# Problem details
Using the records below, reproduce exactly the lines from the one containing "Its name remembers" through the end, and nothing more; skip the images.

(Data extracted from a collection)
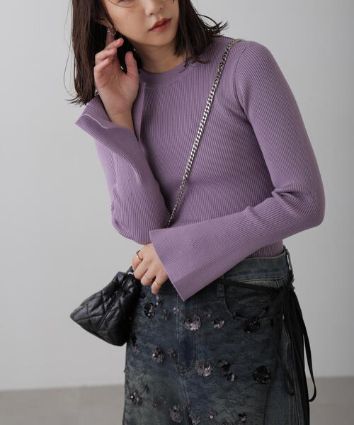 〔fabric&design〕 〈洗える〉マシンウォッシャブル対応のニットシリーズ。 レーヨン・ポリエステル・ナイロンの三者混糸を使用しており、目面が綺麗でありながら、型崩れしにくく、またニットが伸びにくい特徴があります。 型はベーシックに使い回しが効きながら、袖をフレアにすることで今っぽさをプラス。 ※お洗濯の際は弱水流モードをお選びいただき、ネットに入れてお洗濯ください。 〔styling〕 一枚着としてはもちろん、キャミワンピースやジャンパースカートのインナーとしても活躍してくれます。 ■透け感:なし ■生地の厚さ:普通 ■裏地:なし ■伸縮性:あり ■光沢:なし ■シルエット:スタンダード --------------------------------------------------- ◆商品のお気に入り登録◆ お気に入りアイテムの値下げ・再入荷・在庫1点などの通知を受け取ることができます。 ◆ブランドのお気に入り登録◆ 新商品や再入荷、セール、クーポン配布などお得な情報を受け取ることができます。 ---------------------------------------------------
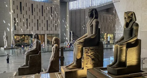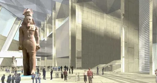 Zauzimajući ukupnu površinu od 490.000 kvadratnih metara u blizini visoravni Gize, u muzeju su smješteni najintrigantniji predmeti i artefakati, uključujući glavni ulaz od 7.000 kvadratnih metara sa kolosalnom statuom znamenitog faraona Ramzesa II. Muzej uključuje 6.000 kvadratnih metara “Grand Staircase”, koji se uzdiže na šest spratova, dvanest glavnih izložbenih sala koje se protežu na oko 18.000 kvadratnih metara i privremene izložbene prostore od oko 1.700 kvadratnih metara. Glavna galerija od 7.500 kvadratnih metara predstavlja najfascinantniji dio muzeja, koju siguran sam, neće zaobići ni jedan posjetitelj. Naravno, posvećena je blagu faraona Tutankamona, prikazujući po prvi put više od 5.000 jedinstvenih predmeta.
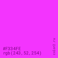 Цвет #F334FE в цветовой модели RGB обозначается тремя октетами (243, 52, 254) в десятичном формате и #F334FE в шестнадцатиричном (hex) формате, которые являются интенсивностью красного 243 (hex F3), интенсивность зелёного 52 (hex 34) и интенсивность синего 254 (hex FE).
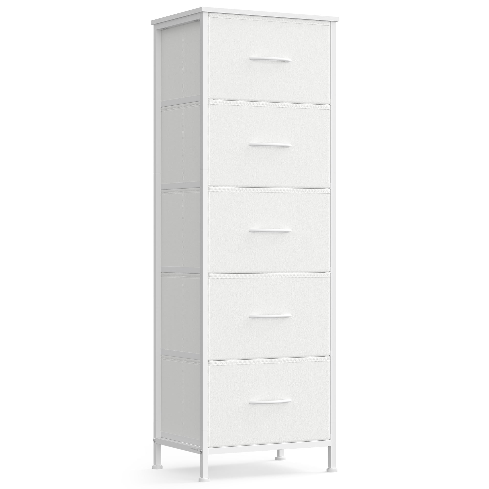 Commode 5 Tiroirs, Meuble de Rangement pour Chambre, Acier, Panneau MDF, Tissu non-tissé, pour Couloir, Entrée, Salon, Blanc Nuage et Blanc Neige
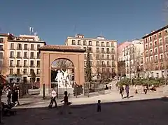 Its name remembers the Dos de Mayo Uprising in 1808 that marked the beginning of the Spanish War of Independence.[2] The plaza features a monumental arch in its centre dedicated to Luis Daoíz and Pedro Velarde, two soldiers fallen to the French army on 2 May 1808 who became heroes in the national imaginary.[2] The area was the place where the Monteleón Artillery barracks lied in 1808 and where the heroic defense of the aforementioned "martyrs" took place.[3]
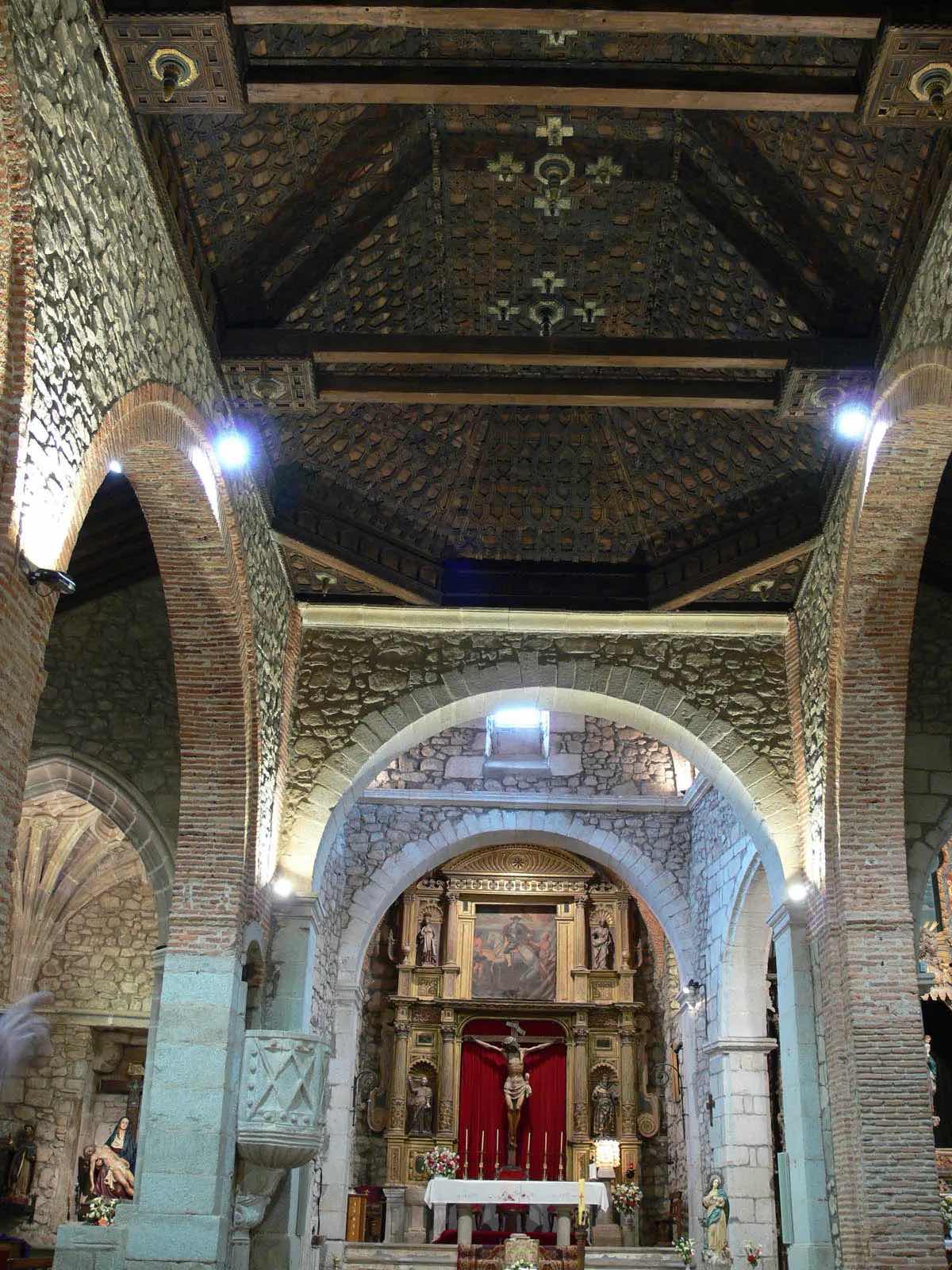 La iglesia está dedicada a S. Martín de Tours, lo que refleja, una vez más, la influencia francesa en la zona fue declarada Bien de Interés Cultural en 1981. Comenzaría su construcción en el siglo XIII, época de la que se conserva el cuerpo de naves, individualizadas mediante grandes arcos de ladrillo de estilo gótico-mudéjar y la puerta septentrional. En lo siglos siguientes se hicieron sucesivas reformas (la puerta meridional gótica, la bóveda de crucería, la torre, la capilla mayor y el cimborrio…) hasta el estado actual: en el retablo, de estilo barroco, destaca la figura del Cristo del Miserere y de San Martín de Tours. En el exterior, cuenta con un pórtico de columnas de estilo jónico del siglo XVI y una estela romana en el atrio. Destacan también la ermita del humilladero, el puente medieval y la plaza mayor con una gran fuente y un soportal de gran tamaño donde se celebraba el concejo abierto.

# Task output
 Its name remembers the Dos de Mayo Uprising in 1808 that marked the beginning of the Spanish War of Independence.[2] The plaza features a monumental arch in its centre dedicated to Luis Daoíz and Pedro Velarde, two soldiers fallen to the French army on 2 May 1808 who became heroes in the national imaginary.[2] The area was the place where the Monteleón Artillery barracks lied in 1808 and where the heroic defense of the aforementioned "martyrs" took place.[3]
 La iglesia está dedicada a S. Martín de Tours, lo que refleja, una vez más, la influencia francesa en la zona fue declarada Bien de Interés Cultural en 1981. Comenzaría su construcción en el siglo XIII, época de la que se conserva el cuerpo de naves, individualizadas mediante grandes arcos de ladrillo de estilo gótico-mudéjar y la puerta septentrional. En lo siglos siguientes se hicieron sucesivas reformas (la puerta meridional gótica, la bóveda de crucería, la torre, la capilla mayor y el cimborrio…) hasta el estado actual: en el retablo, de estilo barroco, destaca la figura del Cristo del Miserere y de San Martín de Tours. En el exterior, cuenta con un pórtico de columnas de estilo jónico del siglo XVI y una estela romana en el atrio. Destacan también la ermita del humilladero, el puente medieval y la plaza mayor con una gran fuente y un soportal de gran tamaño donde se celebraba el concejo abierto.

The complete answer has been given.